Geographic Solutions

Advising citizens, resident aliens and non-resident aliens

By Russell E. Towers, JD, CLU, ChFC

Mr. Towers is Vice President for Business & Estate Planning with Brokers’ Service Marketing Group, Providence, RI. Connect with him at [email protected]

Sometimes you will find yourself dealing with clients who are U.S. citizens, but who own property in more than one country. Or you may find yourself dealing with a client who resides in the U.S. and has resident alien “green card” status. Or you may have a client who is a citizen of a foreign country, but who owns property “sited” in the U.S.

Is there a simple way to categorize individuals based on their legal status when planning the transfer of their estate for U.S. estate tax purposes? Actually, it is simple because a person can only fall within one of three legal status categories at any given time:
1. U.S. Citizen: Worldwide property owned by a U.S. citizen in included in the U.S. gross estate. The federal estate tax exemption (currently $5,250,000 in 2013) would be in effect. There is a federal estate tax credit for any death taxes paid to foreign countries where an estate tax treaty exists between the U.S. and that foreign country.
2. U.S. Resident Alien (Non-Citizen): Worldwide property owned by a U.S. Resident Alien (“green card”) is included in the U.S. gross estate. The federal estate tax exemption (currently $5,250,000 in 2013) would be in effect.
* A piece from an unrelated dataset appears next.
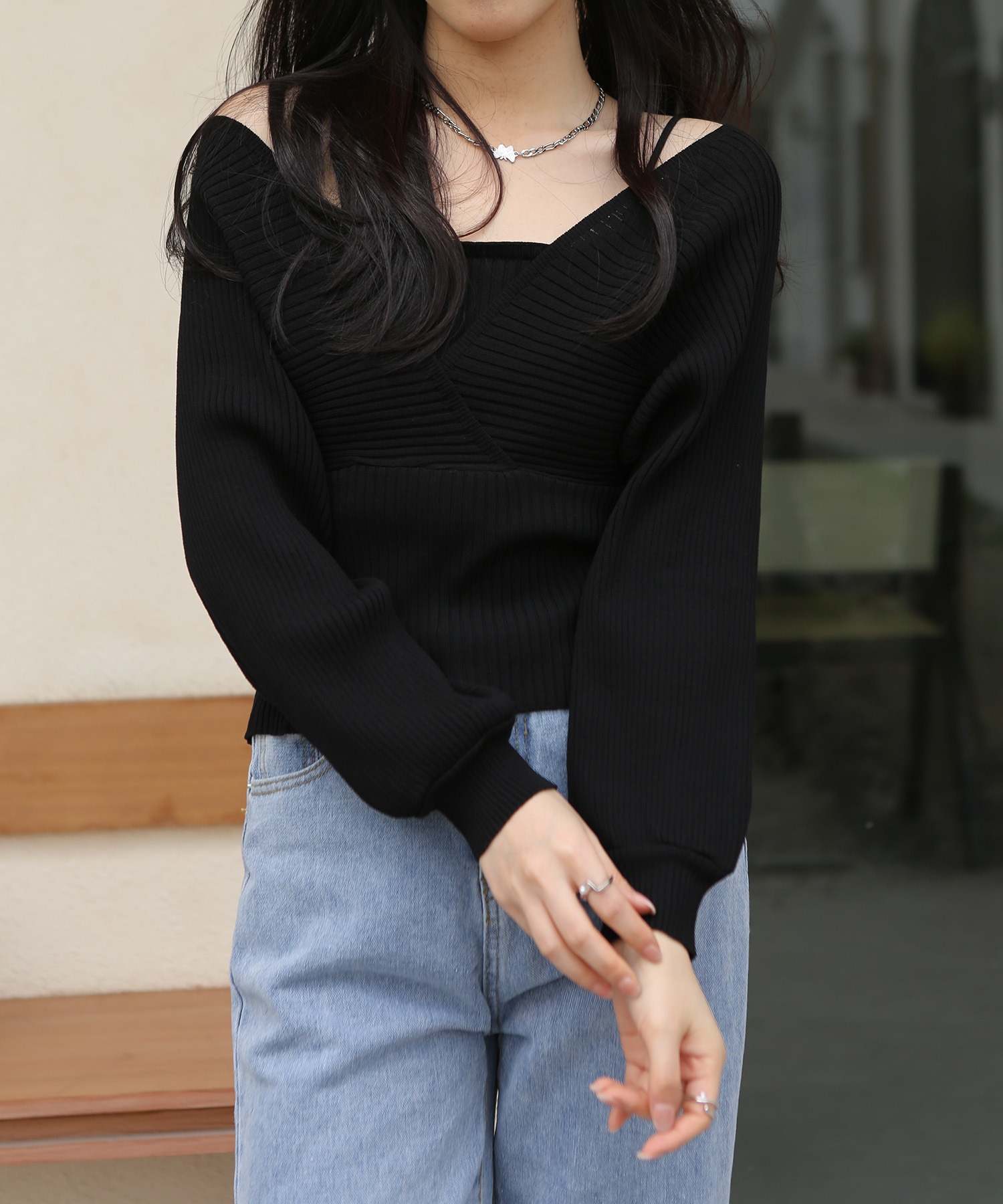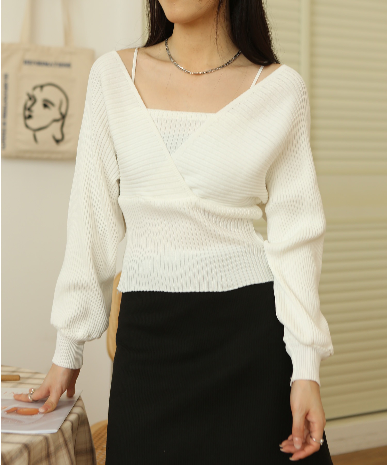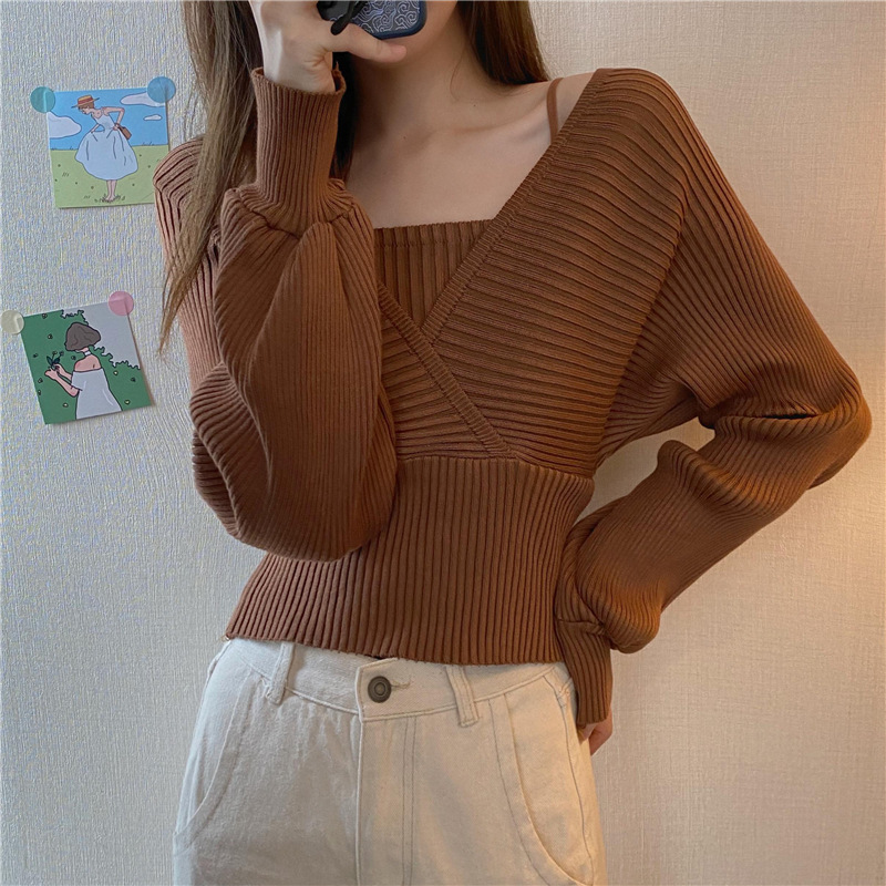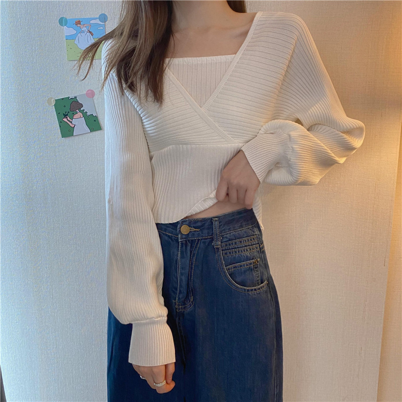 Square collar fake two-piece short knitted sweater women's Korean version with a sense of careful machine clavicle sweater versatile puff sleeve top
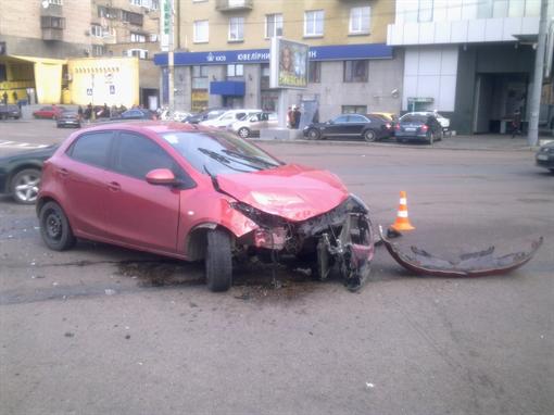 Авария случилась днем на площади Победы в Шевченковском районе. По предварительным данным, водитель «Мазды», выезжала с улицы Саксаганского на площадь Победы. В это время со стороны бульвара Тараса Шевченко, выехал инкассаторский автомобиль «Форд» и столкнулся с легковушкой. Тяжелый «броневик» буквально снес переднюю часть машины, при этом сам лишился переднего колеса. Кто нарушил правила дорожного движения, установит следствие. Пострадавших в ДТП нет.

There is a federal estate tax credit for any death taxes paid to foreign countries where an estate tax treaty exists between the U.S. and that foreign country.
3. Non-Resident Alien (Non-Citizen): Only U.S. “situs” property owned by a Non-Resident Alien is included in the U.S. gross estate. The estate tax exemption for Non-Resident Aliens is only $60,000 which is equivalent to a $13,000 estate tax credit (IRC Section 2102(b)).

As you can see above, category #1 ((U.S. Citizen) and category #2 (U.S. Resident Alien-Green Card) are virtually identical. There is a major exception regarding the use of the estate tax marital deduction on the first death of a married couple. In order to receive a 100% estate tax marital deduction on the first death, a special trust known as a “Qualified Domestic Trust” (Q-DOT) must be executed to hold and receive property. Otherwise, any property left outright to a surviving spouse who is a U.S. Resident Alien will not qualify for the estate tax marital deduction and may result in federal estate taxes due upon the first death.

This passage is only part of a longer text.